__WORK REQUIRED__.
Each entry must be given again exactly; images do not belong in the copy.

__Excerpts from a dataset__.
┌────────

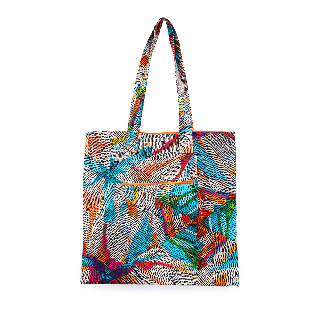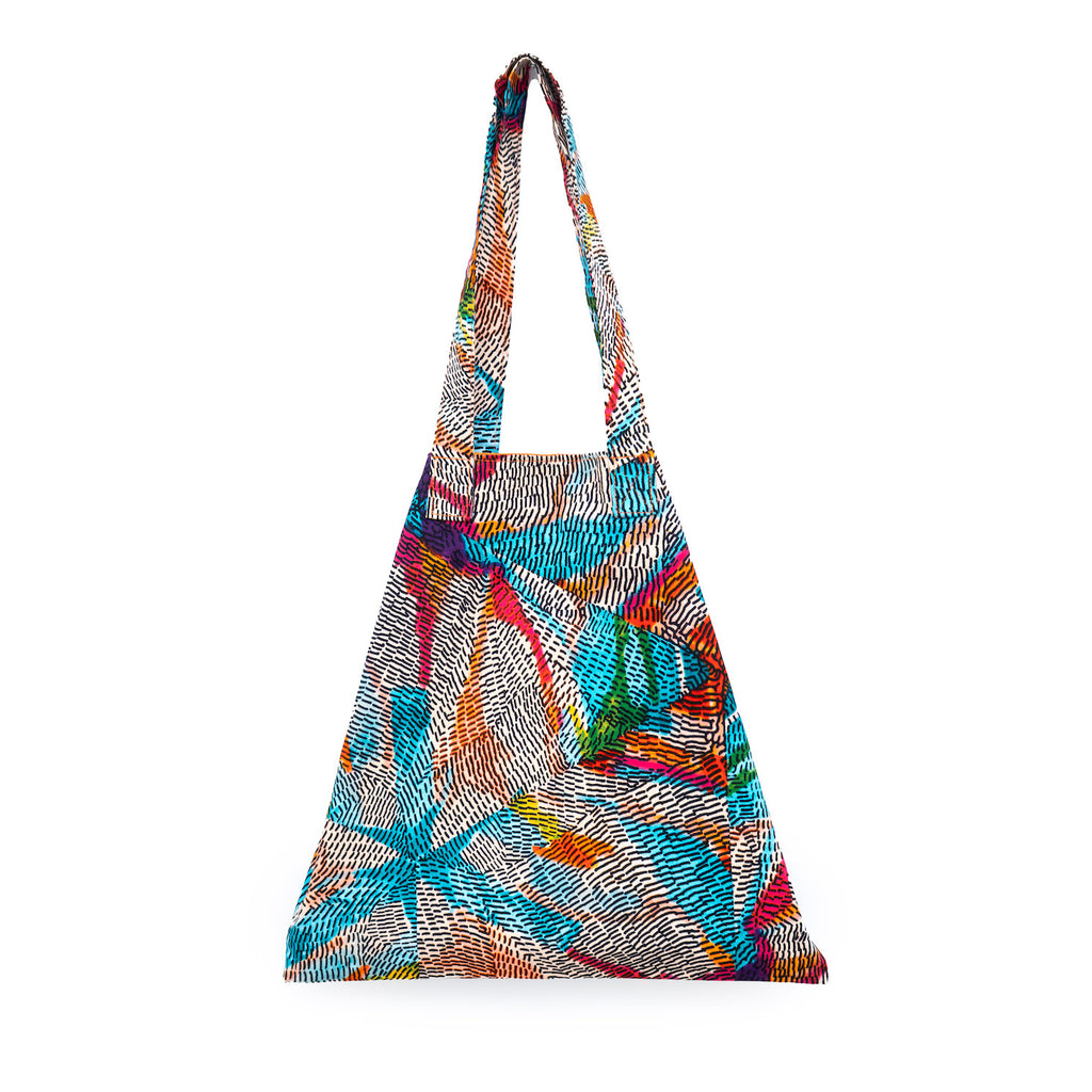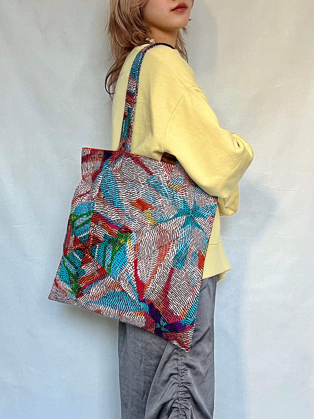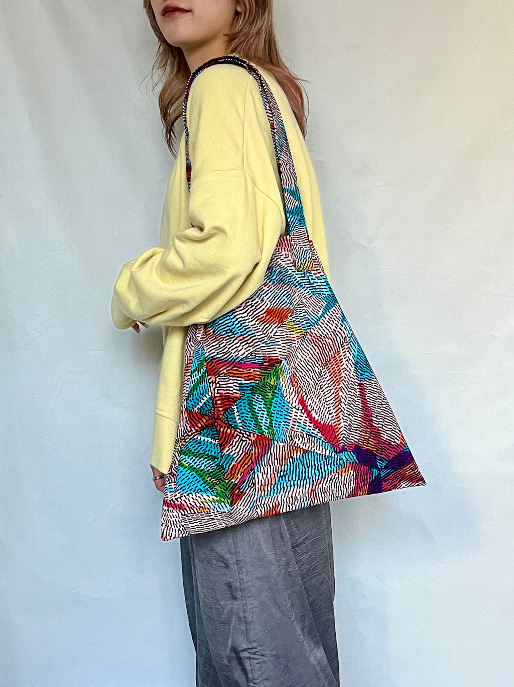 カラフルなアフリカンプリントを使用し、たっぷりと物が入る正方形のエコバッグです。
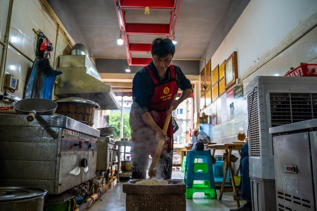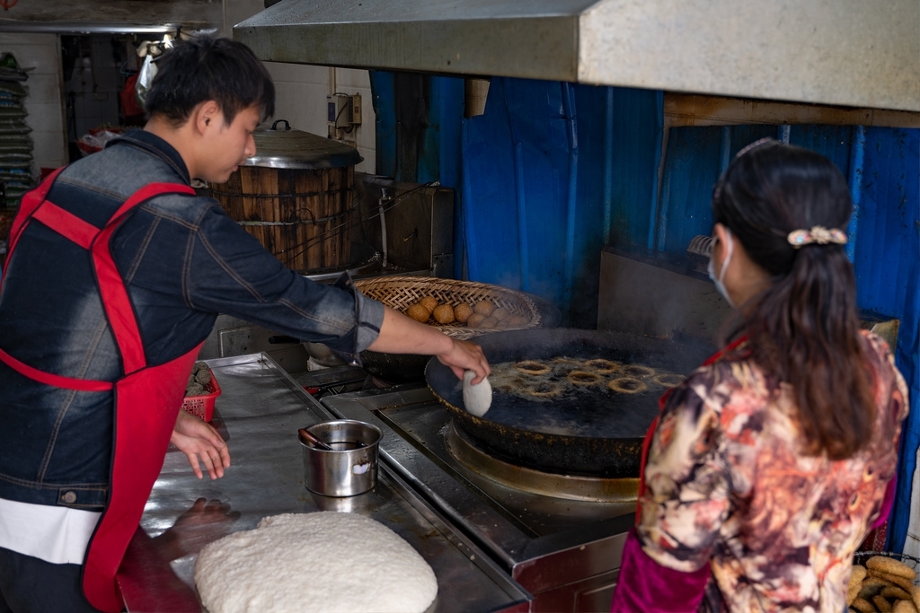 从顾客下单到拿到一个热气腾腾的油炸粑,最快可能只要几十秒。“很多人都说看我做油炸粑不费力,其实是没有了解里面制作的繁杂。”门源表示,看起来轻松的制作过程,他花了三年才学成,又在店里帮工了三年才正式接管了这家油炸粑店铺。
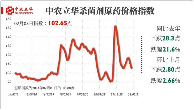 2023年2月5日,中农立华杀菌剂原药价格指数报102.65点,同比去年大跌21.6%,环比上月下跌2.66%。
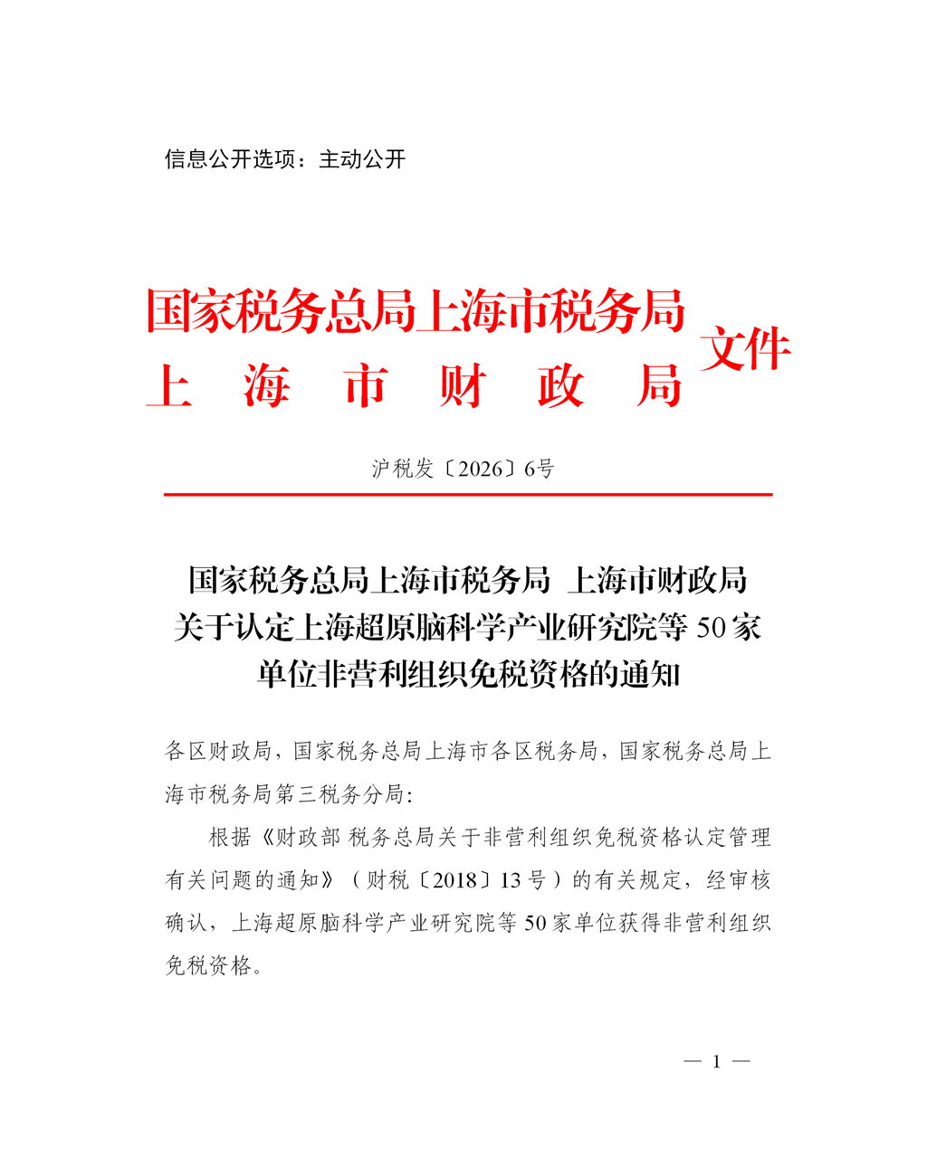 根据《财政部 税务总局关于非营利组织免税资格认定管理有关问题的通知》(财税〔2018〕13号)的有关规定,经审核确认,上海超原脑科学产业研究院等50家单位获得非营利组织免税资格。
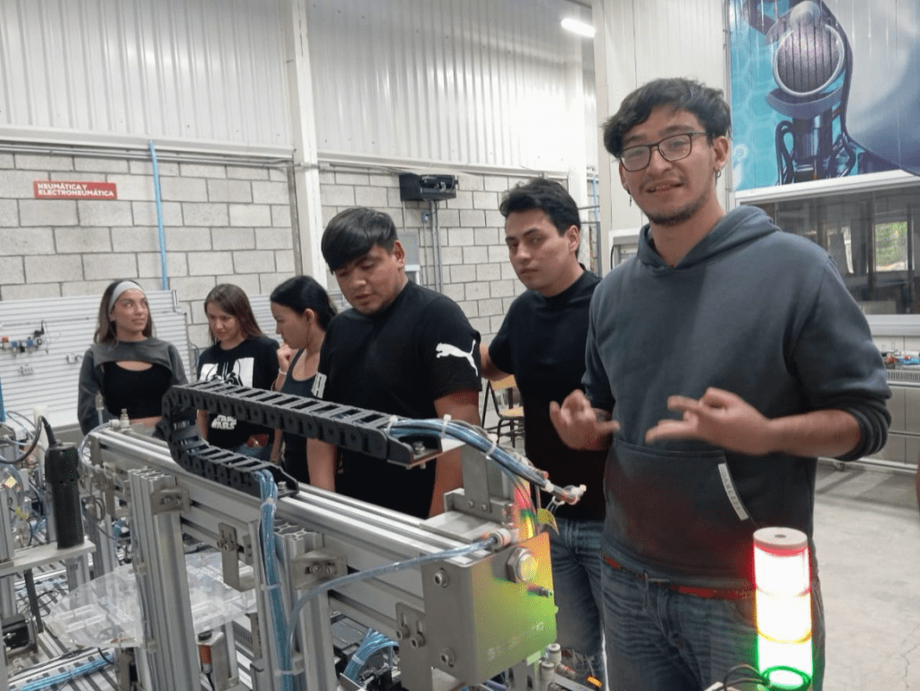 En esta práctica participaron alumnos de la materia de Productividad Empresarial, quienes tuvieron la oportunidad de interactuar con la celda de manufactura automatizada en el Laboratorio de Automatización. El Ing. Carlos Rojas y el alumno Bassam Ruíz, estudiante de ingeniería mecatrónica, guiaron a los estudiantes explicando el funcionamiento de la celda y permitiéndoles visualizar una línea de producción en acción.
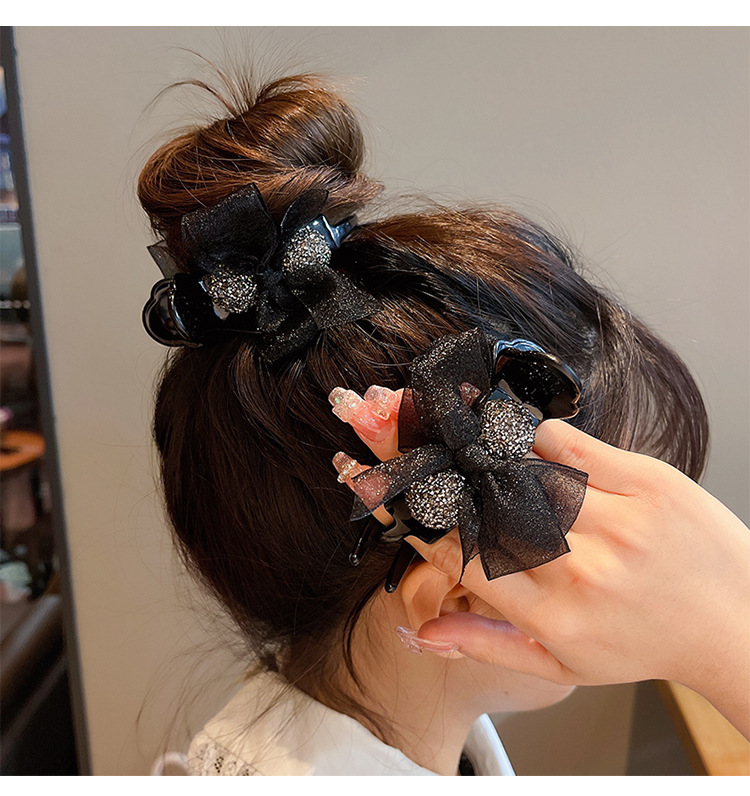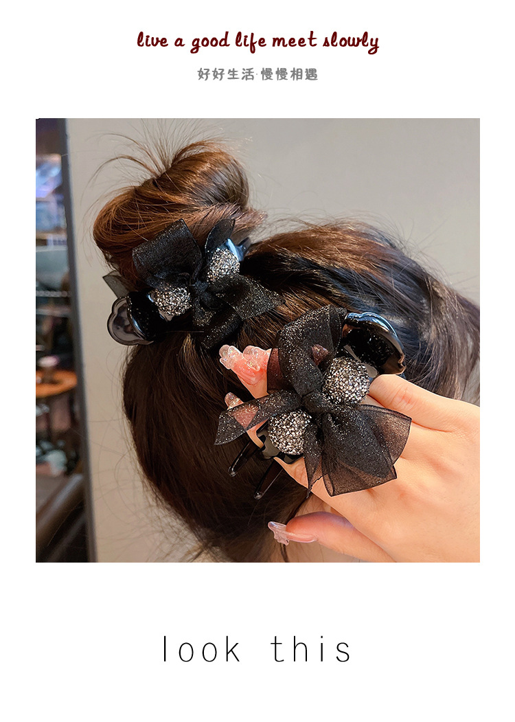 라인스톤 고급 센스 포니 테일 헤어핀 소녀의 머리 뒤 활 잡아 클립 볼 헤드 대형 클립 헤드웨어 탑 클립

└────────

__RESULT FOR THIS EXERCISE__.
 カラフルなアフリカンプリントを使用し、たっぷりと物が入る正方形のエコバッグです。
 从顾客下单到拿到一个热气腾腾的油炸粑,最快可能只要几十秒。“很多人都说看我做油炸粑不费力,其实是没有了解里面制作的繁杂。”门源表示,看起来轻松的制作过程,他花了三年才学成,又在店里帮工了三年才正式接管了这家油炸粑店铺。
 2023年2月5日,中农立华杀菌剂原药价格指数报102.65点,同比去年大跌21.6%,环比上月下跌2.66%。
 根据《财政部 税务总局关于非营利组织免税资格认定管理有关问题的通知》(财税〔2018〕13号)的有关规定,经审核确认,上海超原脑科学产业研究院等50家单位获得非营利组织免税资格。
 En esta práctica participaron alumnos de la materia de Productividad Empresarial, quienes tuvieron la oportunidad de interactuar con la celda de manufactura automatizada en el Laboratorio de Automatización. El Ing. Carlos Rojas y el alumno Bassam Ruíz, estudiante de ingeniería mecatrónica, guiaron a los estudiantes explicando el funcionamiento de la celda y permitiéndoles visualizar una línea de producción en acción.
 라인스톤 고급 센스 포니 테일 헤어핀 소녀의 머리 뒤 활 잡아 클립 볼 헤드 대형 클립 헤드웨어 탑 클립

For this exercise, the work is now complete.